ある日の週報から

                            2012.6.17

 善き人の死
 今のわたしは生きていることを心よりイエス様に感謝しています。なぜなら毎週深川教会の主日礼拝に出席できていますし、子供たちの助けなしで身のまわりのことができること、歯は抜歯4本・差し歯2本その他全部残っています。定年退職直後とはさすがに違いますが70才後半頃の生活とあまり差がないと思います。欲張りですが当分このまま続くことを願っています。偶然、退職の送別会に御礼の挨拶の原稿が出てきて、その最後に「100才になってシワシワの顔で皆様にお会いできたら面白いな」なんて書いてあったので笑ってしまいましたが、実現ありか?などと甘えています。
 わたしの40才頃の出来事なのですが、新しく引っ越した家に炭の配達で売り込みに来た方がいました。気配りがよく、病弱な母にはいろいろな情報を聞かしてくれたり、ご自分の家族のお話、炭店の主人が亡くなり、若い店主を助けながら商売をしていることなどその配達の回数が重なるうちに、お互いクリスチャンであることが解り喜び合いました。
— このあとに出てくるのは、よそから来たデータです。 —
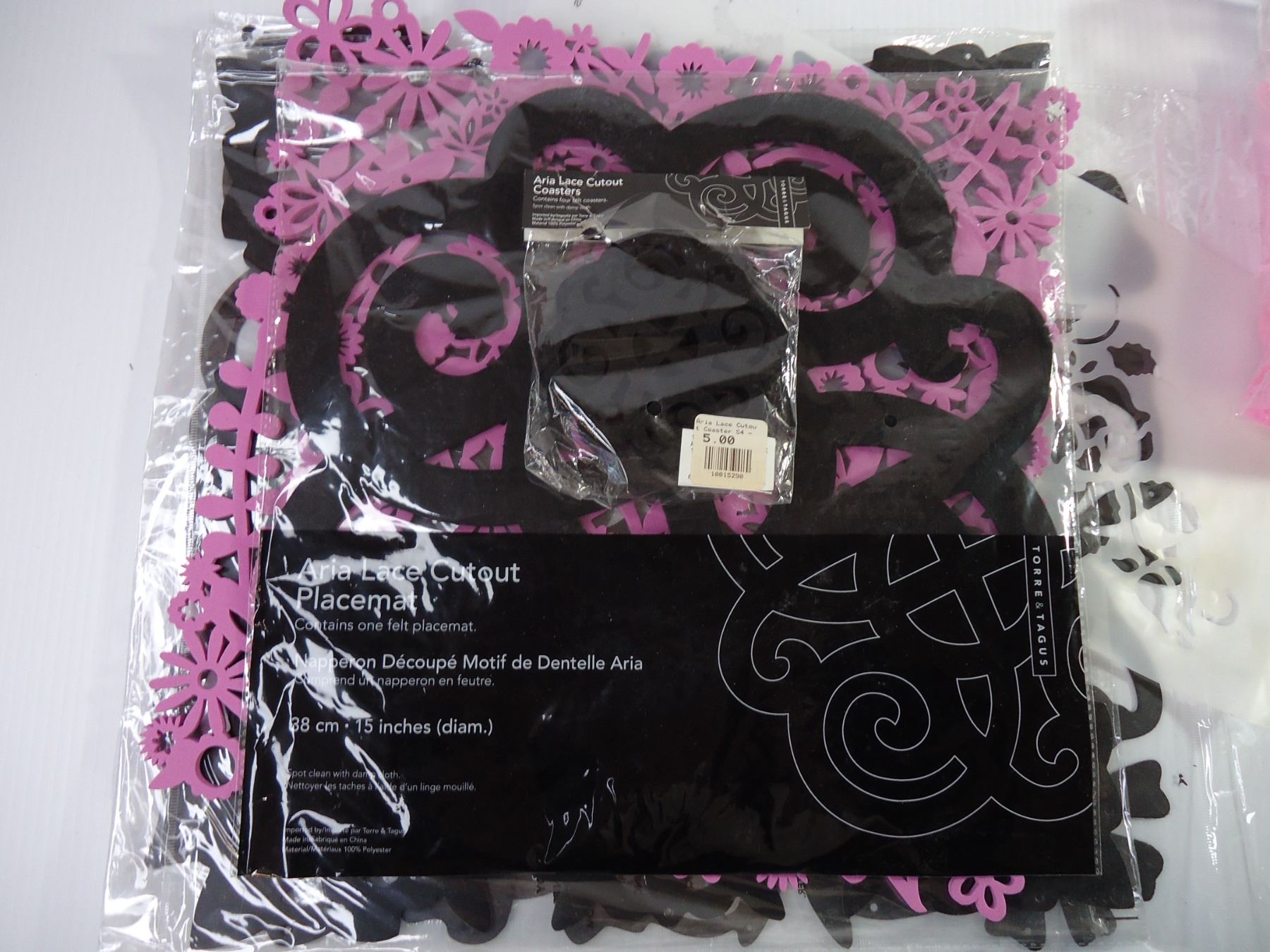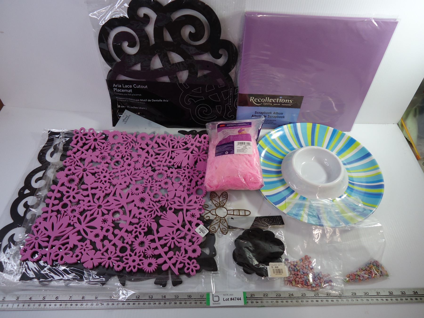 (4) Air lace Cutout Placemats, Scrapbook Album,(2) Plastic Serving Trays and scrapbook accessories
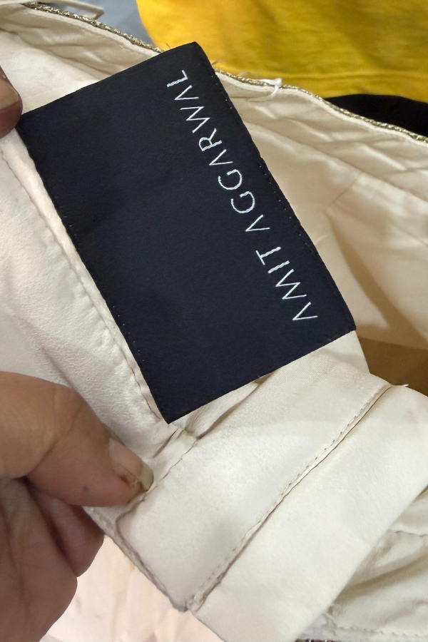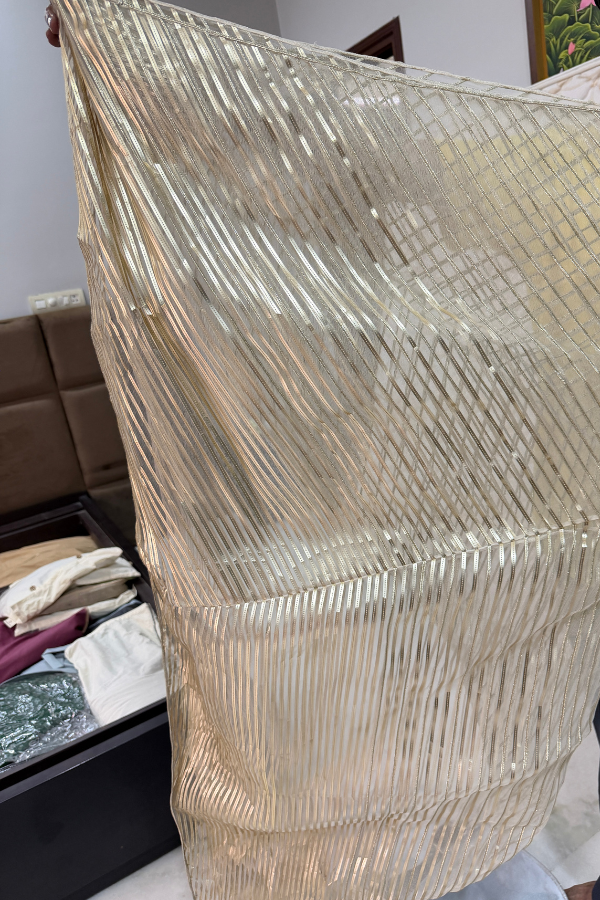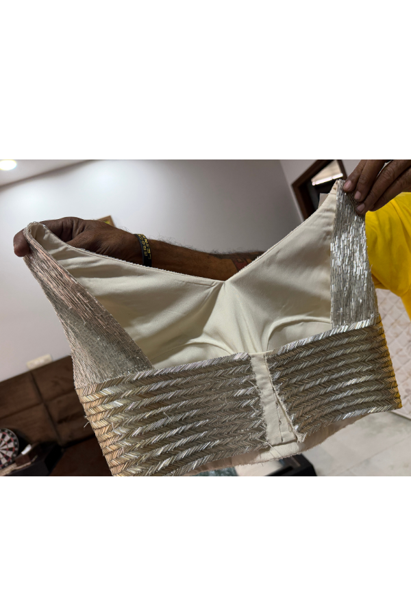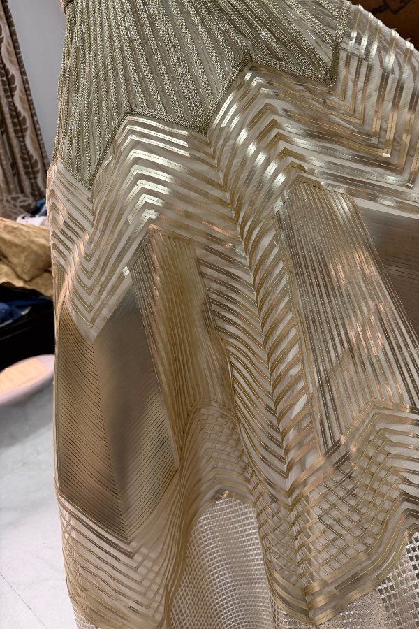Description: A striking gold metallic lehenga with signature sculpted detailing, precision pleating, and a futuristic sheen. Paired with a bold blouse and sheer metallic drape, this set delivers modern glamour and statement couture—perfect for cocktails, receptions, and high-impact celebrations.
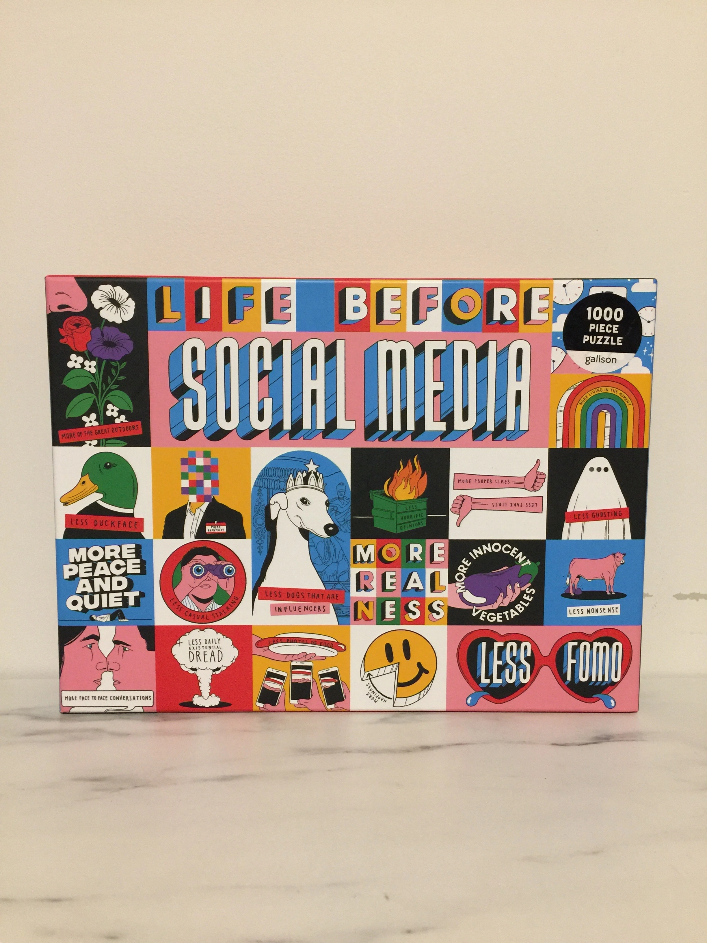 Looking to unplug and unwind? This Galison Life Before Social Media 1000-piece puzzle is perfect for a cozy night in. It's got a fun, colourful design that's sure to keep you entertained. The puzzle features a variety of quirky illustrations and phrases that poke fun at our digital habits. Get ready for some screen-free fun!
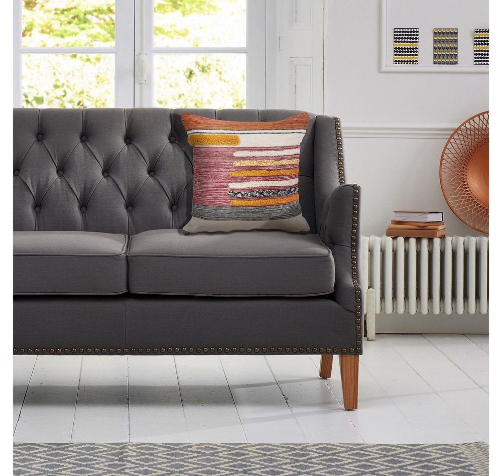 Add an air of fashion to your room and rejuvenate the space with this cute and fashionable 18-inch red and ivory throw pillow. This soft and durable decorative pillow is expertly made of high grade, long lasting cotton in a red and ivory coloration. This soft polyfill filled pillow not only is decorative but made to be comfy and cozy all day long. Great to use on its own or mix with other decorations for the perfect look. A great decorative accessory to add color and dimension to your favorite chair, accent your sofa, or to use as part of your bed ensemble. 18-inch h x 18-inch w x 6-inch d.
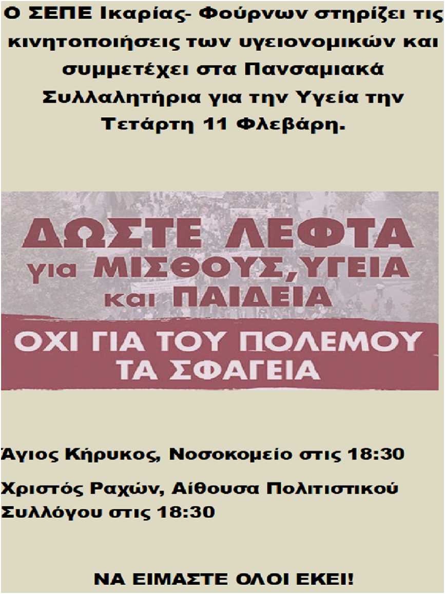ΕΚΣ: Δίνουν λεφτά για του πολέμου τα σφαγεία και στα νησιά διαλύουν την Υγεία
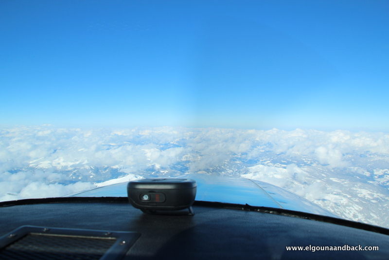 The third day and last day of our onward journey to El Gouna in Egypt. After the tempestous welcome in Stitia yesterday, the weather had calmed down today and were were able to take off as planned at dawn. Today we wanted to continue South from Crete over the open sea. Before takeoff, we ensured that our life raft and emergency equipment was well stowed and easily accessible in case of a water ditching and we put on our life vests during the whole flight. For about two and a half hours there was nothing but blue below and above us. The air traffic controllers of Greece, Cyprus and Egypt cooperated well and got us a few shortcuts to reduce the time over the open sea and save some of our precious fuel.
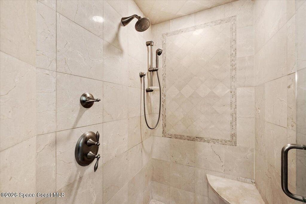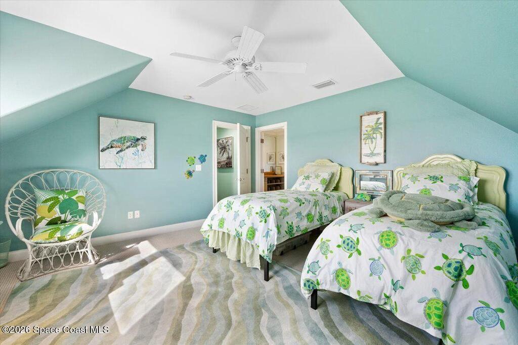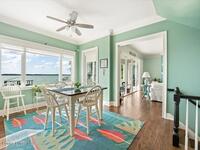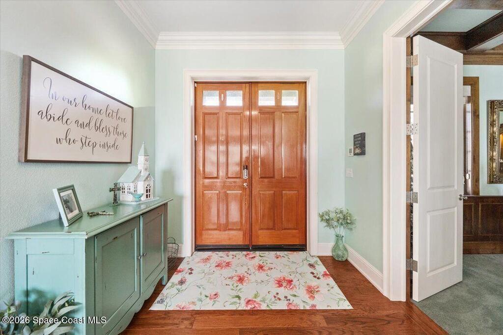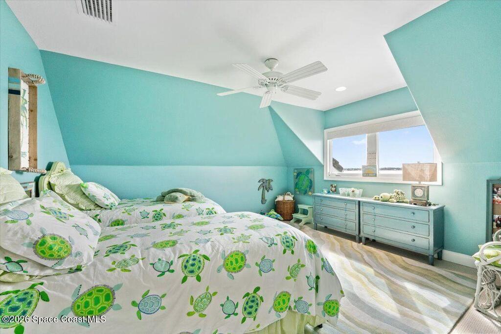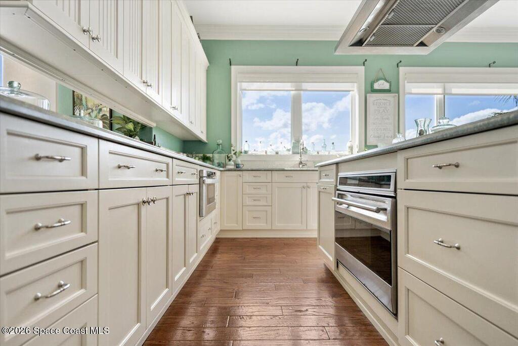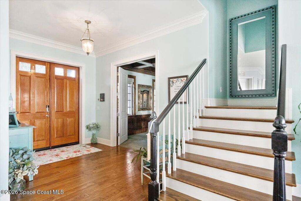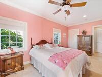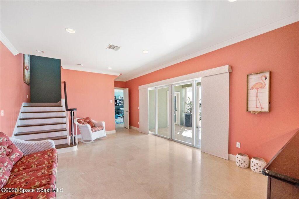 Experience expansive views of the marine-life-filled Indian River and breathtaking sunsets from every room of this 5200 sq ft waterfront home. Featuring 5 bedrooms, 6 baths, an office, and bonus room, this residence offers exceptional space for multi-generational living or entertaining. The stunning eat-in kitchen boasts river views, a balcony, custom cabinetry, granite counters, chef's island, and Sub-Zero refrigerator. The primary suite on the main level includes a private riverfront terrace. A lower-level suite offers living space, kitchenette area, and walk-out access to the river. Architectural details include tray ceilings, wood beams, crown molding, and high ceilings throughout. Enjoy the expanded dock with boat lift (2018), step-down fishing area, coquina rock shoreline, and large paved patio with fire pit. Oversized bedrooms, abundant storage, large closets, 2 NEW a/c units, no-see-um screened balcony, and jet ski lift, complete this exceptional riverfront retreat.
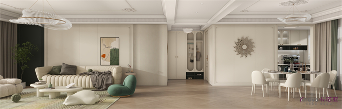 輕法式的氛圍感,藏不住的浪漫和溫馨。生活的浪漫,從家開始。螺青和奶貝顏色的強烈碰撞,盡顯靈動,浪漫而溫馨。對比色的反差并沒有很突兀的感覺,反而多了一點復(fù)古優(yōu)雅的氣息。在這個家里的每處角落都成為風(fēng)景,盡享平和時光,細品生活的美好。仿佛置身夢境之中。當(dāng)兼具著溫馨浪漫與藝術(shù)基因的法式風(fēng)格邂逅家居空間,帶來令人羨慕的精致品味--優(yōu)雅,溫馨,時尚,高端,生活被演繹的像詩一樣優(yōu)美。
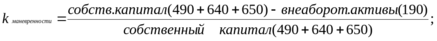 Увеличение коэф-та маневренности означает, что доля собственного капитала, вложенная в наиболее мобильные активы, увеличилась.
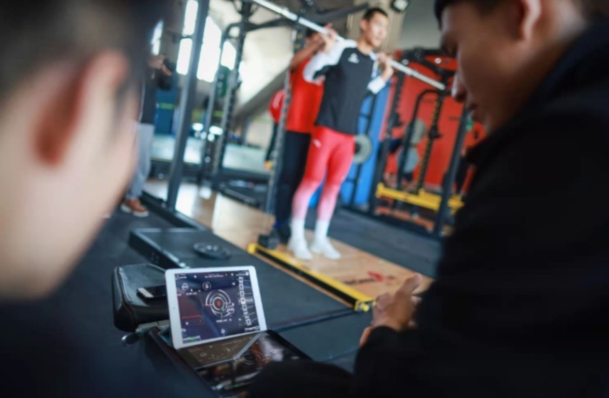 陈聪航在帮助运动员分析体能训练技术动作效果
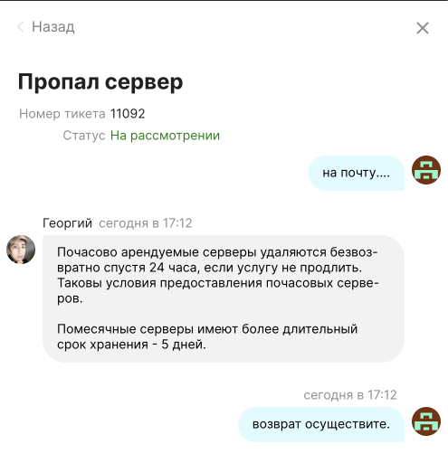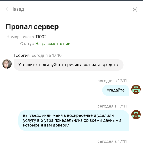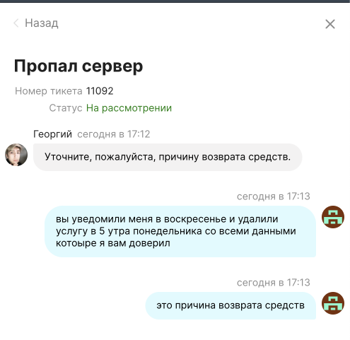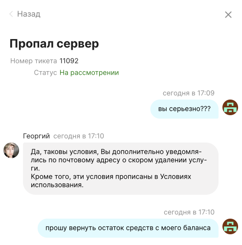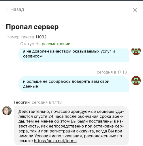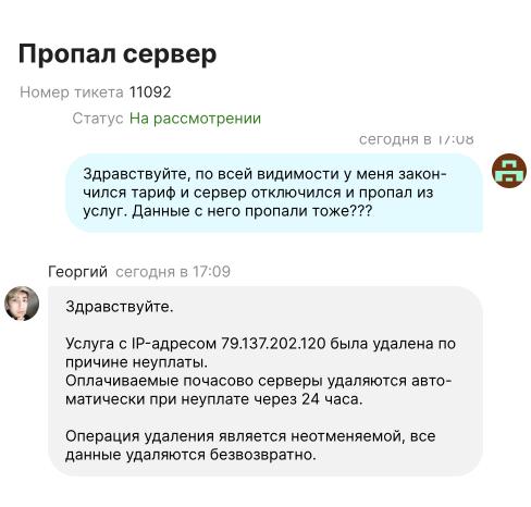 Заказывал выделенный сервер, дважды менял тариф по причине того что они не вывозили 4 потока парсинга озона в зенке. По итогу смирился с медленной работой сервера и продолжил пользоваться. Сегодня после выходных увидел что мой сервер удалили со всеми моими данными и несохраненными изменениями шаблонов от программиста, работа которого уплачена. Написал в поддержку – удален за неуплату в течение 24 часов после того как закончились деньги на балансе. Сам виноват что не читал пользовательское соглашение (так мне в поддержке и сказали), но это не главное.
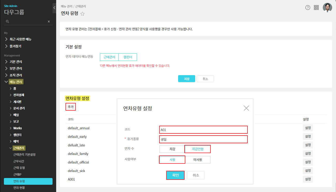 - 관리자페이지(SiteAdmin) ▶ 메뉴 관리 ▶ 근태관리 ▶ 연차 유형 ▶ 연차유형 설정 ▷ 추가 ▷
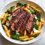 This Steak Pasta with Creamy Garlic Sauce is a rich and flavorful dish that combines tender pan-seared steak with al dente penne pasta tossed in a luscious creamy garlic sauce. Enhanced with sundried tomatoes, fresh spinach, and a hint of roasted green chile, this recipe delivers a perfect balance of hearty and fresh flavors, ideal for a satisfying weeknight dinner or special occasion.
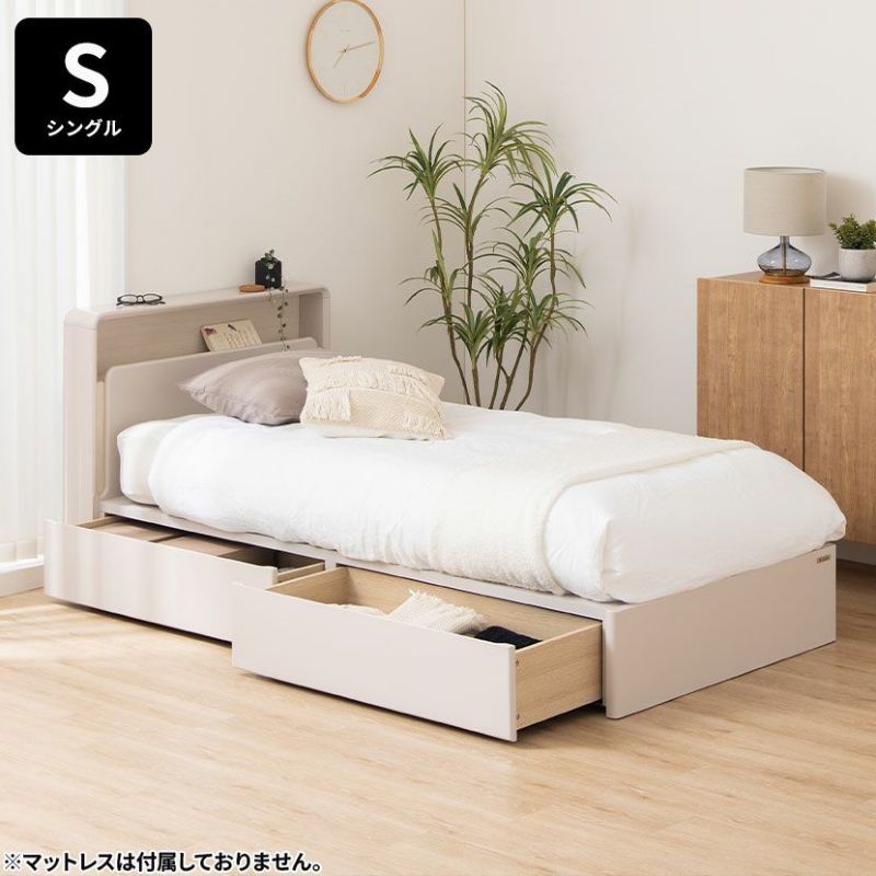 材質 | ベッドフレーム / カラープリント紙化粧繊維板、オーク柄プリント紙化粧繊維板 ヘッドボード一部、フットボード、引き出し前板 / ウレタン樹脂塗装 床板 / 布張り |

 H教会が近くにあることも教えていただき、母も大いに喜んでいました。その方はNさんといって、H教会の長老も勤めていたそうです。知り合っただけでなく早速私達の家で家庭礼拝の計画をしてくださり、当日は牧師夫妻、副牧師夫妻、教会員4~5名と大勢での来訪でした。Nさんは、母の気分のよいときは何時教会を訪ねても誰かに声をかけていただけるよう配慮してくださったと、母は感謝していました。
 ある日会社から帰宅すると、母が、今日Nさんはとても顔色が悪くて「少し休んでから帰ってはどうか」と声をかけたが、「仕事を早く切り上げて家で寝るから」と言っていて帰った後の帰宅途中に事故に遭われたと知らせがあったと、心配そうに言っていました。
 その後2~3日して、母は、Nさんの葬儀に参列した時の話を聞かせてくれました。
  事故があったのは、H団地として広く開発された地域に隣接した新しい住宅地があり、その通路でNさんは血を吐いて倒れていたのだそうです。発見した人は警察に通報したのですが、警察はNさんの吐いた血で服が汚れているから、これは強盗に襲われたと判断して、今では考えられませんが、病人はそのまま動かさずに捜査を終えてから救急治療ということになったらしく、Nさんは手当てされない状態でした。そこにH教会の長老の方が通りかかり、非常線で囲われた中のアスファルトの上で横たわるNさんを発見して、驚き警官に「知り合いなので早く治療してください」と頼んでも取り合ってもらえませんでした。捜査が終わり救急車に乗せられる時には、まだ首を動かしていたのですが、残念ながら亡くなった、との話でした。
 その話を聞き、誰かに「何故」と問い掛けたい気持ちになりました。信仰強く伝道にも熱心な方だったのに長い時間道端に横たえられ、さぞ苦痛でしたでしょうと想像すると、とても残念な気持ちでした。それは暫く、浮かんでは消えしていましたが、 ある時、Nさんはあの横たえられている時間、意識のあるうちは何をを祈られたか、と想像すると、あの信仰強い方はイエス様の霊に導かれながら、父なる神様の刻む時を受け入れ、み心の成るように祈り、主の導きにより天国へ旅立たれたであろうと考えるようになりました。Nさんの死は悲惨な事故死ではなく、後から信仰の道を歩む者を勇気づける出来事だったと考えるようになりました。
 わたしも御霊に導かれる日々でありたいと思いました。